- What to do -
Look through the data below and output, unchanged, every line from the one holding "Masturbatore compatto monouso" through the one holding "The only thing", inclusive. Skip the pictures.

- Available data -
::::::::

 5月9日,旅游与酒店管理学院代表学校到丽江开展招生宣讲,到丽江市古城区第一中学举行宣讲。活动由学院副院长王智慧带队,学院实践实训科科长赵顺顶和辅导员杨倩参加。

::::::::

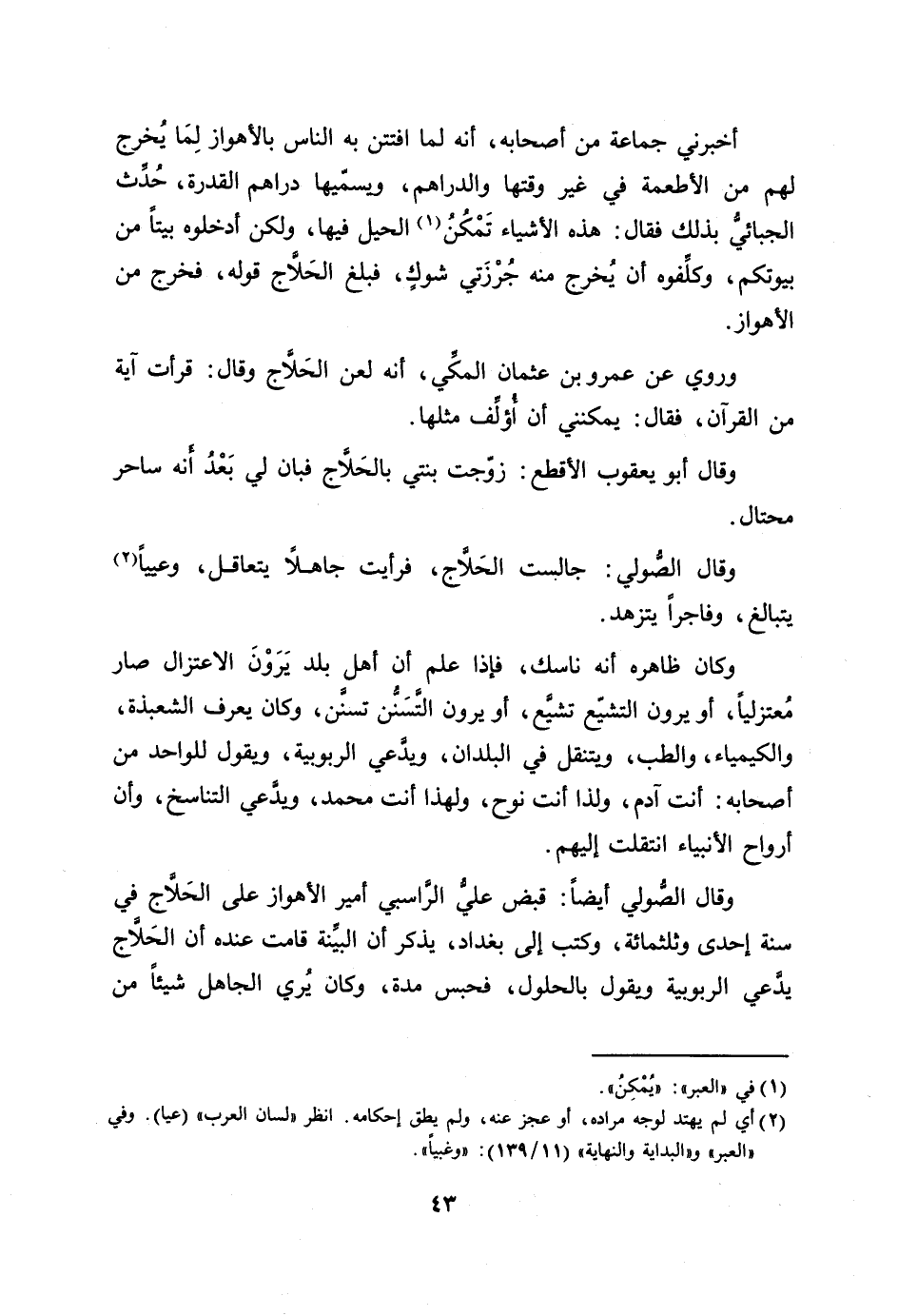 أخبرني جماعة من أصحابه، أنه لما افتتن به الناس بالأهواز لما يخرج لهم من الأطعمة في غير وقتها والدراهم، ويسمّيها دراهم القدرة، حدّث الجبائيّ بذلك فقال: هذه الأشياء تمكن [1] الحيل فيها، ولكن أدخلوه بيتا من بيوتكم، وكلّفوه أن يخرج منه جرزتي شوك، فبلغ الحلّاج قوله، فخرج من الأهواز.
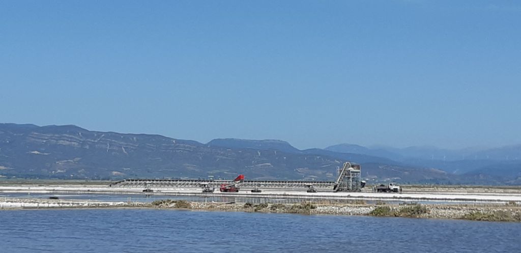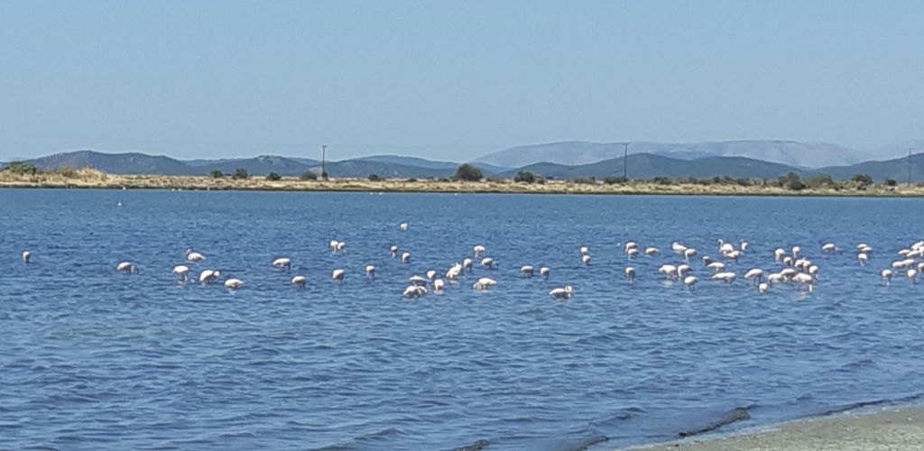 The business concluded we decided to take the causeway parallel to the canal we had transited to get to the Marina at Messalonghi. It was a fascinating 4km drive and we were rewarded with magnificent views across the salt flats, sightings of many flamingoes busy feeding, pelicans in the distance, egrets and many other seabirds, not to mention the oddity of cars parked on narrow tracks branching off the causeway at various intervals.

::::::::

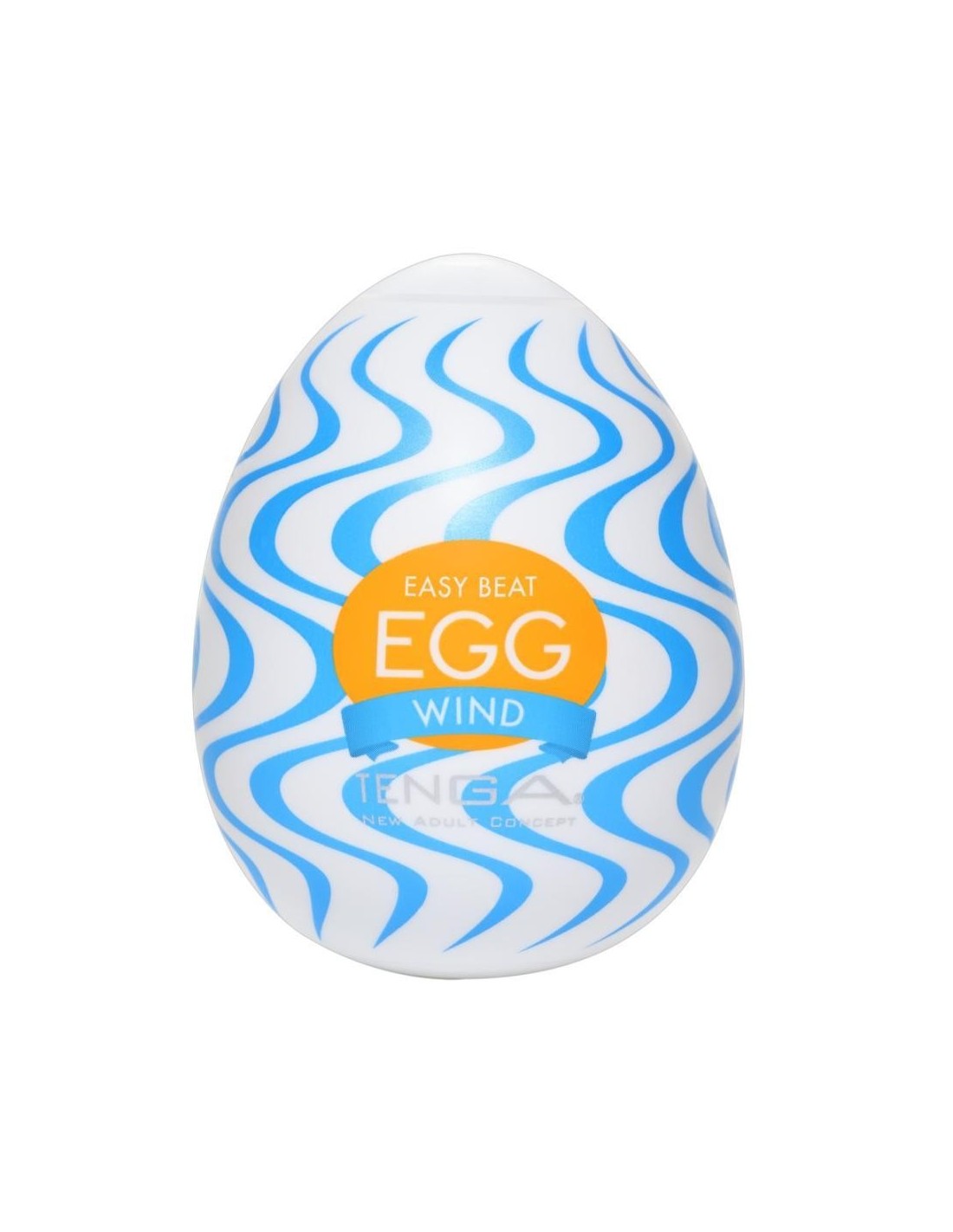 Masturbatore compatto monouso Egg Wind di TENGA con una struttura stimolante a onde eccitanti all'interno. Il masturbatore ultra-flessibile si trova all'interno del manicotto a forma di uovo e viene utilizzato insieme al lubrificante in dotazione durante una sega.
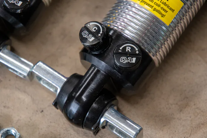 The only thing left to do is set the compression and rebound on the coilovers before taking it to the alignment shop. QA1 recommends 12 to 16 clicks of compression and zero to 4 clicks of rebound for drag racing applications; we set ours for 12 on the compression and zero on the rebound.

::::::::

- Result below -
 Masturbatore compatto monouso Egg Wind di TENGA con una struttura stimolante a onde eccitanti all'interno. Il masturbatore ultra-flessibile si trova all'interno del manicotto a forma di uovo e viene utilizzato insieme al lubrificante in dotazione durante una sega.
 The only thing left to do is set the compression and rebound on the coilovers before taking it to the alignment shop. QA1 recommends 12 to 16 clicks of compression and zero to 4 clicks of rebound for drag racing applications; we set ours for 12 on the compression and zero on the rebound.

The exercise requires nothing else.